_EXERCISE MATERIALS_.
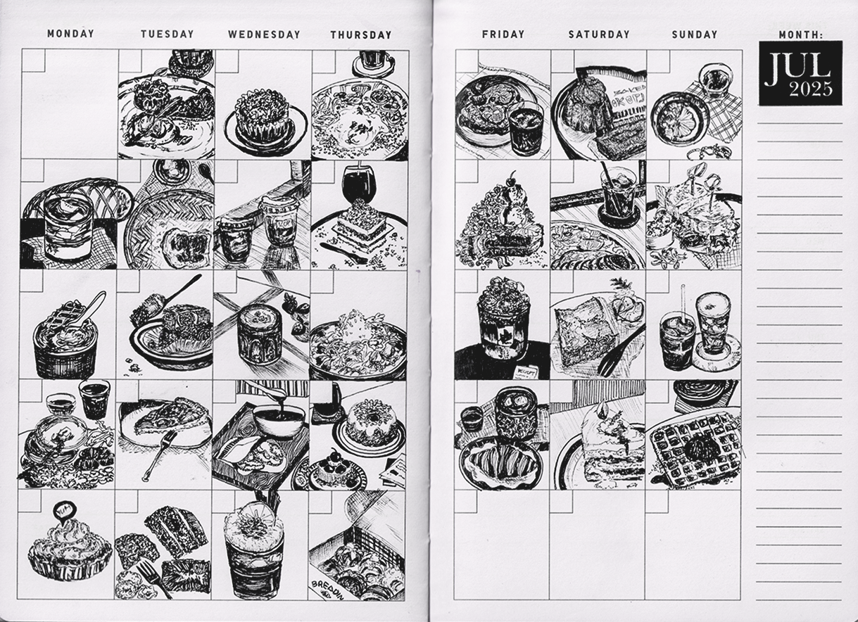 Looking back at a full month of drawings, it hits differently. I see the days I was tired, the days I tried harder, the ones I barely made a mark at all. But they’re all there. It quietly kept track. It reminds me to keep going. Nothing needs to be perfect. Just letting the hand do its work.
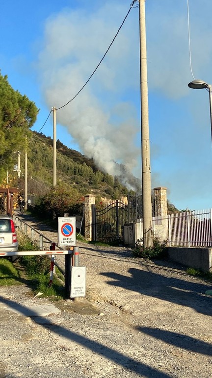 Incendio tra Verezzi e Finale sul sentiero delle Arene Candide: mobilitati Vigili del Fuoco e Aib (FOTO)
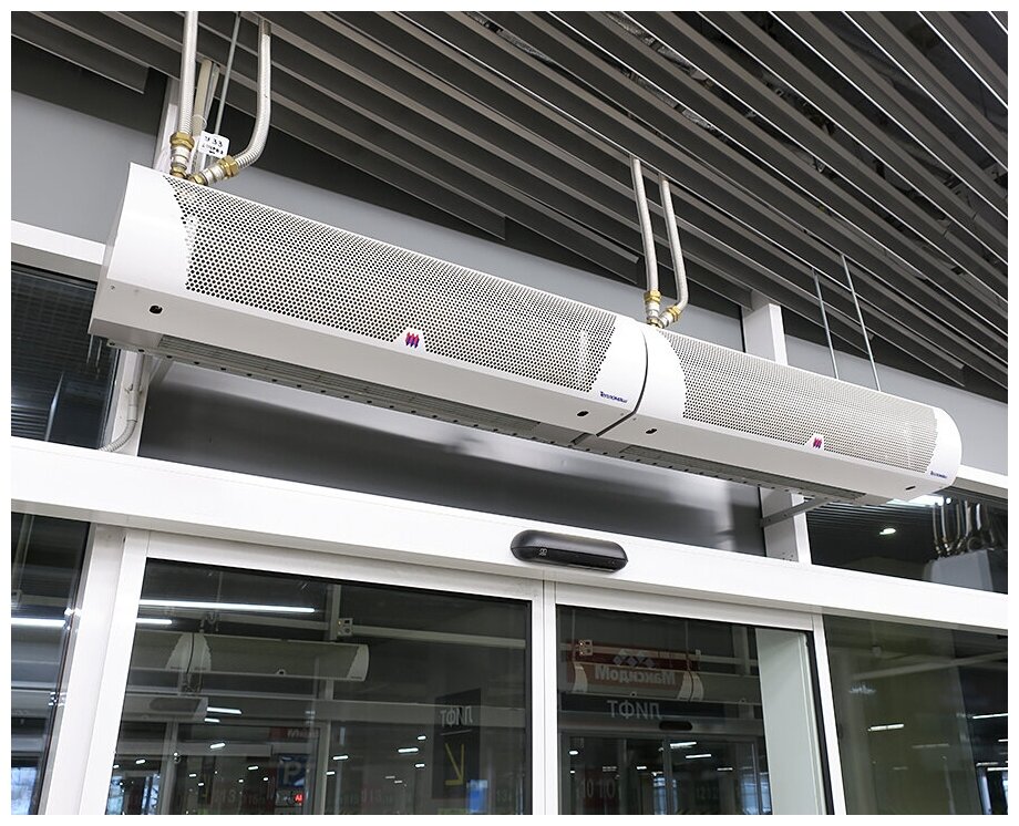 Источником тепла в водяных тепловых завесах служит горячая вода, которая подается из систем центрального отопления. Несмотря на повышенную сложность монтажа, завесы этого типа привлекательны в использовании: они дают существенный выигрыш в расходах на эксплуатацию и отличаются повышенной мощностью.
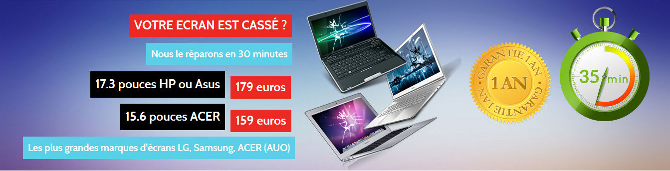 Nous avons plus de 100 références d’écrans et plus de 300 pièces en stocks. Ce qui nous permet de réparer votre portable en de très brefs délais
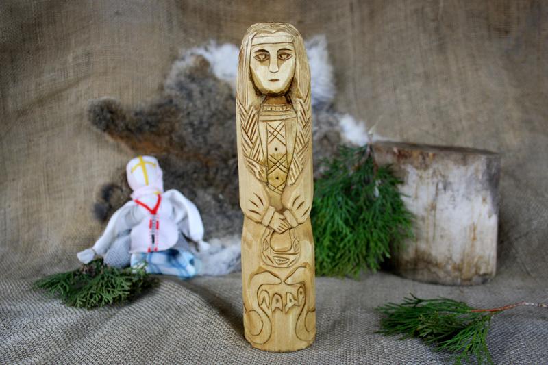 Лада — давньослов'янська богиня любові, злагоди, гармонії, світового порядку і благополуччя. Вона також є богинею весни, кохання і шлюбу, покровителька жіночої вроди і краси, щасливого подружнього життя. Верховна Рожаниця і Берегиня. Архетип Великої Богині-Матері. Характеристика: Висота: 25 см Ширина: 6.5 см Глибина 6.5 см Матеріал: дерево, Обробка: різьблення по дереву, шліфування Покриття: моріння, олією та воском Колір світло коричневий Дивіться також інші вироби
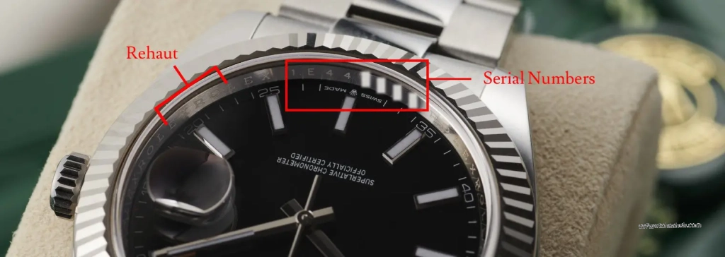 The rehaut on VSF Rolex models has laser engraving that’s crisp and correctly spaced. Cheaper fakes often have shallow, slightly blurry rehaut text. The serial number engraving at 6 o’clock on the rehaut should be sharp.
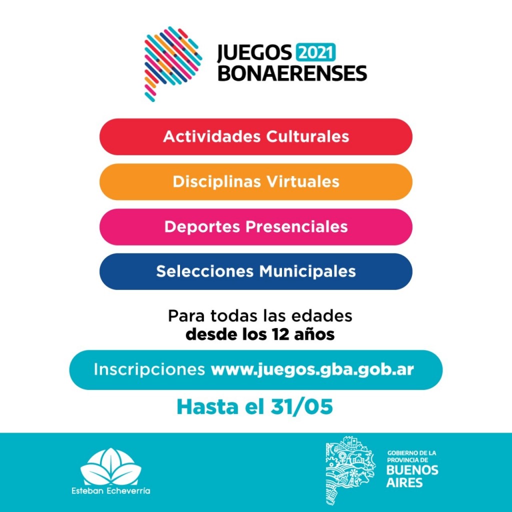 Las vecinas y vecinos de Esteban Echeverría mayores de 12 años, sin límite de edad, podrán inscribirse hasta el 31 de mayo en los Juegos Bonaerenses 2021. Este año, tendrán la posibilidad de formar parte de diversas actividades culturales, además de competir virtual y presencialmente en distintas disciplinas deportivas
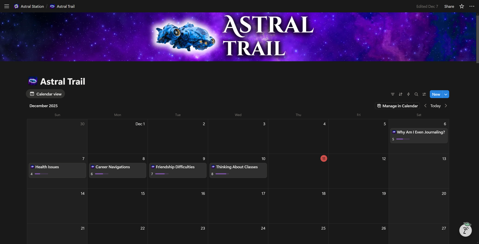 - Astral Navigation: Inspire your friends by how much you radiate calm, confidence, and purpose throughout college using a dedicated action and insight integration page
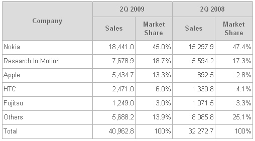 Продажи смартфонов во втором квартале 2009 года
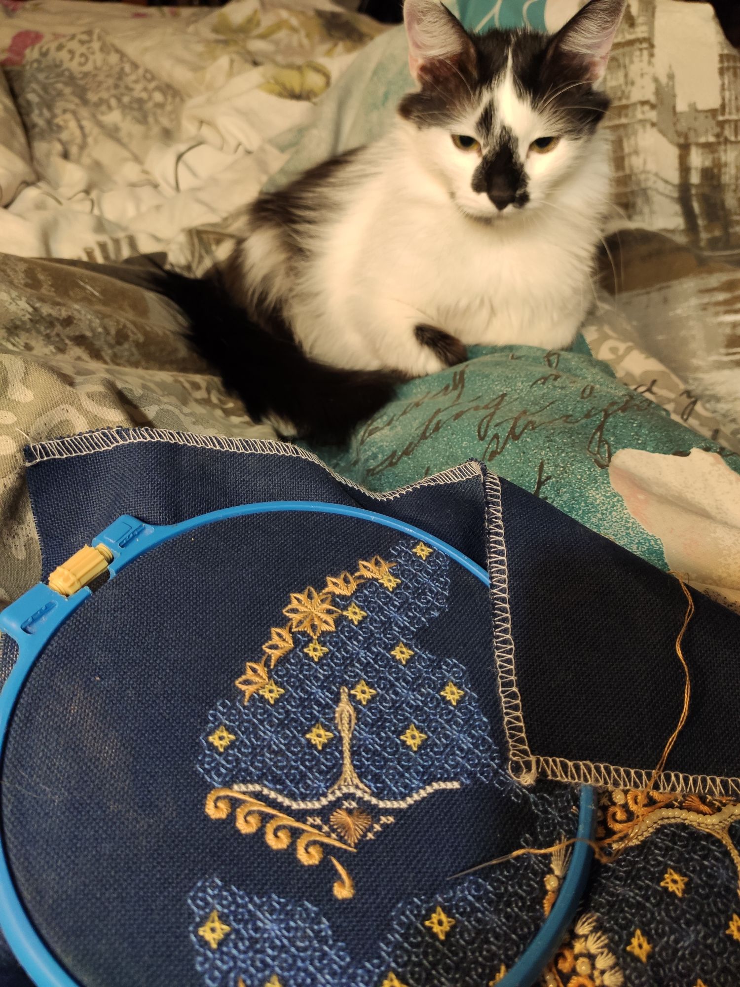 5 июня 2020 Я пришла. И принесла отчёт. Работы много, времени для вышивки мало. Поэтому и нашла тоже чуток всего. Первым покажу процесс - символ карантина. Модель "Весна 2020. Самоизоляция" Группа Пчелиный улей, дизайнер Евгения Десятскова. "Oiseau avec une fleur" (Птица с цветком) Дизайн разработан по иллюстрации @sofya_nikulina Размер дизайна в крестиках 89х93 На 32 каунте 14,1 на 14,8 см Техника: Крест, 3/4 (совсем немножко), бэкстич счетный, с элементами дробного, фрузелки Палитра DMC 27 цветов и 11 блендов Его ножки сводят меня с ума)))) Если что, то последние фото - это не дубли. Это без бэка на брюшке и с бэком. Бэка бешеное количество цветов. Но, как мне кажется, на брюшке можно его не вышивать. Но я его пороть точно не буду))) Сейчас уже потихоньку вышиваю цветок. Очень хочется дошить и повесить на стенку. Но... Буду считать, что растягиваю удовольствие)))) Ещё один процесс. Группа StitchHome - студия особенных крестиков. Дизайнер Ольга Петренко. "Чемодан путешественника" 19 цветов + 1 блэнд из них. Фетр для ручки и картон для каркаса. Подарок от анонимной подруги))))) Почему-то решили, что надо его шить, чтобы куда-то ехать. В пару к ботам, так сказать)))) Уж не знаю - чемодан виноват или так сложилось, но поступило классное предложение. Надеюсь, что всё сложится) Дальше НЕ ВЫШИВАЛЬНОЕ. Не могу без этого. Фото прогулок. Мы чутка увеличили радиус. Теперь не только в Горенский лесопарк к Мазуринскому озеру гуляем, но и в Лосиный остров к Алекеевскому пруду. 24 мая 25 мая 4 утра 26 мая. Вид с балкона. Проснулась и наблюдала за просыпающийся природой. )))) 27 мая 28 мая. Гуляли по району. Обнаружили в соседнем дворе указатели, которые к 9 мая, наверное, жители соорудили. И встретили двух пестрых дятлов) 29 мая. Не хотела доставать телефон, но, увидев этот Сайлент Хилл, не выдержала)))) 31 мая. Дождь, дождь, дождь... 1 июня. Урвали у погоды прогулку до Лосиного острова))) Потом нас тихо и не очень поливало.))) И вот вчера 4 июня опять урвали. Всё равно чуток нас намочило, конечно, но не страшно) Я за такое небо и за такую сирень, которую возле пруда высадили, готова даже вымокнуть))) Сегодня не фоткала, хотя и ходили размяться. Опять нас дождик домой прогнал. Всем здоровья и котиков! Любушка1985, Лена1973, sette venerdi и 44 других сказали спасибо Поделиться сообщением Ссылка на сообщение
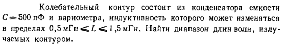 Колебательный контур состоит из конденсатора емкости С = 500 пФ и вариометра, индуктивность которого может изменяться в пределах 0,5 мГн < L < 1,5 мГн. Найти диапазон длин волн, излучаемых контуром.

_PROBLEM_.
Without the pictures, repeat the listing word for word.

_EXPECTED OUTPUT_.
 Looking back at a full month of drawings, it hits differently. I see the days I was tired, the days I tried harder, the ones I barely made a mark at all. But they’re all there. It quietly kept track. It reminds me to keep going. Nothing needs to be perfect. Just letting the hand do its work.
 Incendio tra Verezzi e Finale sul sentiero delle Arene Candide: mobilitati Vigili del Fuoco e Aib (FOTO)
 Источником тепла в водяных тепловых завесах служит горячая вода, которая подается из систем центрального отопления. Несмотря на повышенную сложность монтажа, завесы этого типа привлекательны в использовании: они дают существенный выигрыш в расходах на эксплуатацию и отличаются повышенной мощностью.
 Nous avons plus de 100 références d’écrans et plus de 300 pièces en stocks. Ce qui nous permet de réparer votre portable en de très brefs délais
 Лада — давньослов'янська богиня любові, злагоди, гармонії, світового порядку і благополуччя. Вона також є богинею весни, кохання і шлюбу, покровителька жіночої вроди і краси, щасливого подружнього життя. Верховна Рожаниця і Берегиня. Архетип Великої Богині-Матері. Характеристика: Висота: 25 см Ширина: 6.5 см Глибина 6.5 см Матеріал: дерево, Обробка: різьблення по дереву, шліфування Покриття: моріння, олією та воском Колір світло коричневий Дивіться також інші вироби
 The rehaut on VSF Rolex models has laser engraving that’s crisp and correctly spaced. Cheaper fakes often have shallow, slightly blurry rehaut text. The serial number engraving at 6 o’clock on the rehaut should be sharp.
 Las vecinas y vecinos de Esteban Echeverría mayores de 12 años, sin límite de edad, podrán inscribirse hasta el 31 de mayo en los Juegos Bonaerenses 2021. Este año, tendrán la posibilidad de formar parte de diversas actividades culturales, además de competir virtual y presencialmente en distintas disciplinas deportivas
 - Astral Navigation: Inspire your friends by how much you radiate calm, confidence, and purpose throughout college using a dedicated action and insight integration page
 Продажи смартфонов во втором квартале 2009 года
 5 июня 2020 Я пришла. И принесла отчёт. Работы много, времени для вышивки мало. Поэтому и нашла тоже чуток всего. Первым покажу процесс - символ карантина. Модель "Весна 2020. Самоизоляция" Группа Пчелиный улей, дизайнер Евгения Десятскова. "Oiseau avec une fleur" (Птица с цветком) Дизайн разработан по иллюстрации @sofya_nikulina Размер дизайна в крестиках 89х93 На 32 каунте 14,1 на 14,8 см Техника: Крест, 3/4 (совсем немножко), бэкстич счетный, с элементами дробного, фрузелки Палитра DMC 27 цветов и 11 блендов Его ножки сводят меня с ума)))) Если что, то последние фото - это не дубли. Это без бэка на брюшке и с бэком. Бэка бешеное количество цветов. Но, как мне кажется, на брюшке можно его не вышивать. Но я его пороть точно не буду))) Сейчас уже потихоньку вышиваю цветок. Очень хочется дошить и повесить на стенку. Но... Буду считать, что растягиваю удовольствие)))) Ещё один процесс. Группа StitchHome - студия особенных крестиков. Дизайнер Ольга Петренко. "Чемодан путешественника" 19 цветов + 1 блэнд из них. Фетр для ручки и картон для каркаса. Подарок от анонимной подруги))))) Почему-то решили, что надо его шить, чтобы куда-то ехать. В пару к ботам, так сказать)))) Уж не знаю - чемодан виноват или так сложилось, но поступило классное предложение. Надеюсь, что всё сложится) Дальше НЕ ВЫШИВАЛЬНОЕ. Не могу без этого. Фото прогулок. Мы чутка увеличили радиус. Теперь не только в Горенский лесопарк к Мазуринскому озеру гуляем, но и в Лосиный остров к Алекеевскому пруду. 24 мая 25 мая 4 утра 26 мая. Вид с балкона. Проснулась и наблюдала за просыпающийся природой. )))) 27 мая 28 мая. Гуляли по району. Обнаружили в соседнем дворе указатели, которые к 9 мая, наверное, жители соорудили. И встретили двух пестрых дятлов) 29 мая. Не хотела доставать телефон, но, увидев этот Сайлент Хилл, не выдержала)))) 31 мая. Дождь, дождь, дождь... 1 июня. Урвали у погоды прогулку до Лосиного острова))) Потом нас тихо и не очень поливало.))) И вот вчера 4 июня опять урвали. Всё равно чуток нас намочило, конечно, но не страшно) Я за такое небо и за такую сирень, которую возле пруда высадили, готова даже вымокнуть))) Сегодня не фоткала, хотя и ходили размяться. Опять нас дождик домой прогнал. Всем здоровья и котиков! Любушка1985, Лена1973, sette venerdi и 44 других сказали спасибо Поделиться сообщением Ссылка на сообщение
 Колебательный контур состоит из конденсатора емкости С = 500 пФ и вариометра, индуктивность которого может изменяться в пределах 0,5 мГн < L < 1,5 мГн. Найти диапазон длин волн, излучаемых контуром.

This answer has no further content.